Historians with the Catalan separatist-leaning Institute Nova Història say that for centuries, Castilian Spanish leaders have ignored or downplayed the role of Catalunya in the country’s history.
Jordi Bilbeny, director of investigations at the institute claims that Castilian leaders have for hundreds of years tried to take credit for the accomplishments of Catalan people. Last month, the institute held seminars in Montblanc, Tarragona including one which questioned whether Miguel de Cervantes’ famous Don Quixote—widely considered the first modern novel—was in fact actually originally written in Catalan.
One historian argued that linguistic errors in the text point to the possibility that Don Quixote was translated into Castilian from Catalan.
Catalunya is an autonomous region of Spain but the independence movement has strengthened in recent years with regional Catalan president Artur Mas calling early elections this month to serve as a proxy vote on independence. The upcoming vote is being framed by pro-independence forces as a substitute for the referendum the Spanish government refuses to permit. Artur Mas' party will stand on a joint ticket, 'Together for Yes', with Republican Left and a number of independent candidates. The coalition has committed to an eighteen month roadmap to independence should it win a parliamentary majority.

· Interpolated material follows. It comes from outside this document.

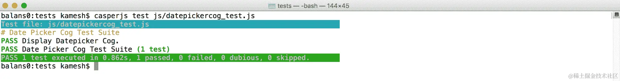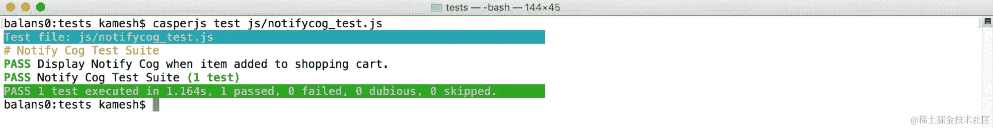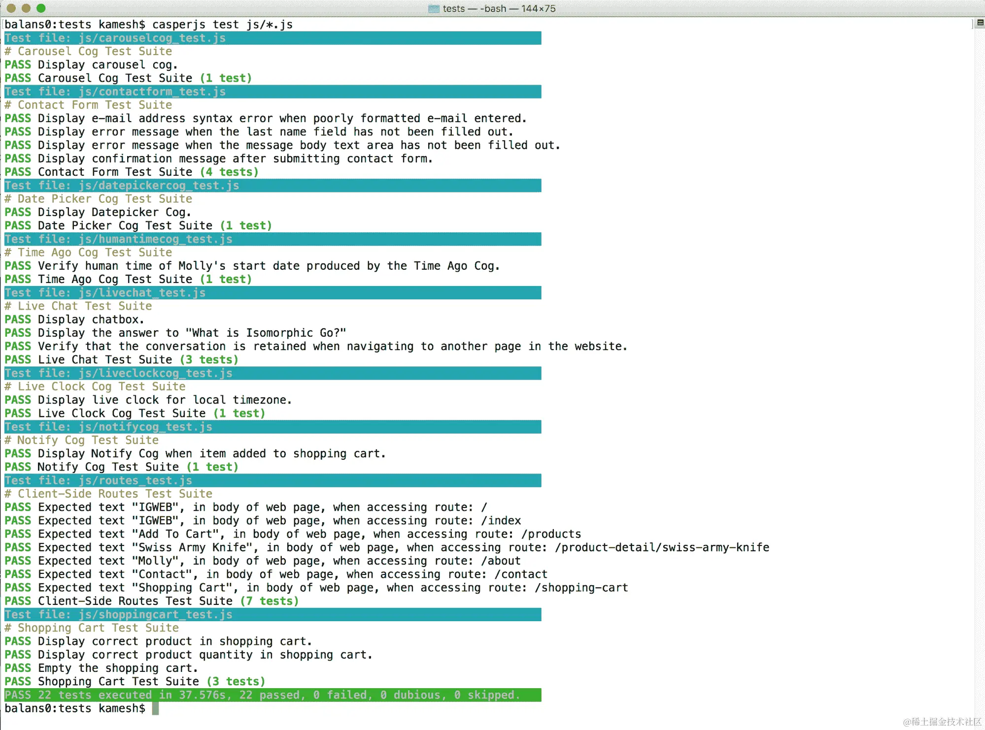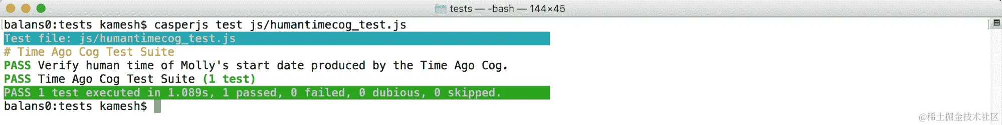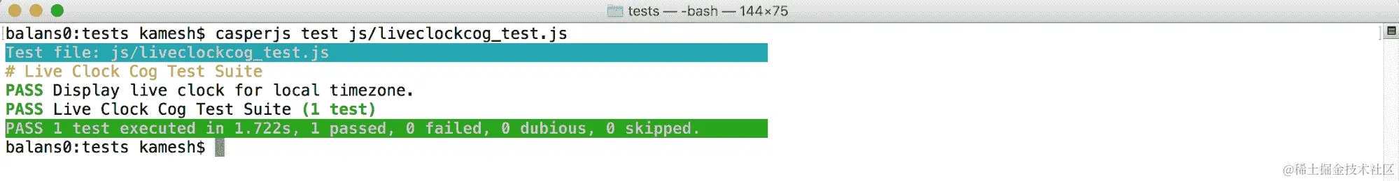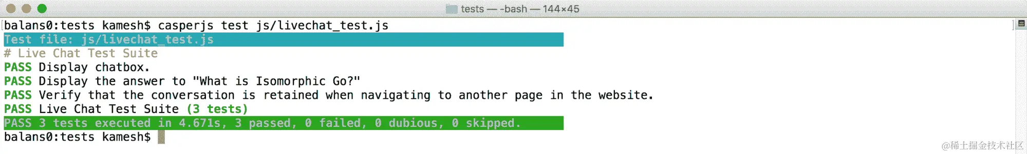 要运行套件中的所有测试,我们只需在tests文件夹中运行go test命令:
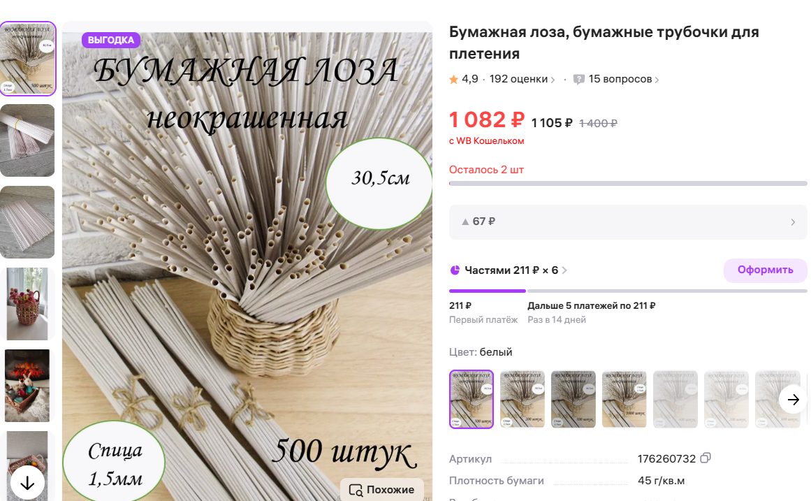 Кстати, когда смотрела вебинар по плетению из бумажной лозы, узнала, что есть рукодельницы, которые неплохо зарабатывают именно на трубочках. Посмотрите, к примеру, сколько предложений на Ярмарке мастеров.

Another topic discussed at the institute's seminar is the origins of the so-called discoverer of the New World, Christopher Columbus. Bilbeny, who studied the development of languages and has a PhD in modern history, has presented early documents that, for example, he says show Columbus’ original name was Colom—like Colombia—which has Catalan origin.
However, Joaquim Coll, vice-president of pro-Spanish unity association Societat Civil Catalana, told Spanish daily El Mundo that considering the arguments of the Institute Nova Història to be scientific would be "too generous".
"It is a history by enthusiasts with clear political intentions," Coll said. "It is so absurd that it becomes hilarious," he added.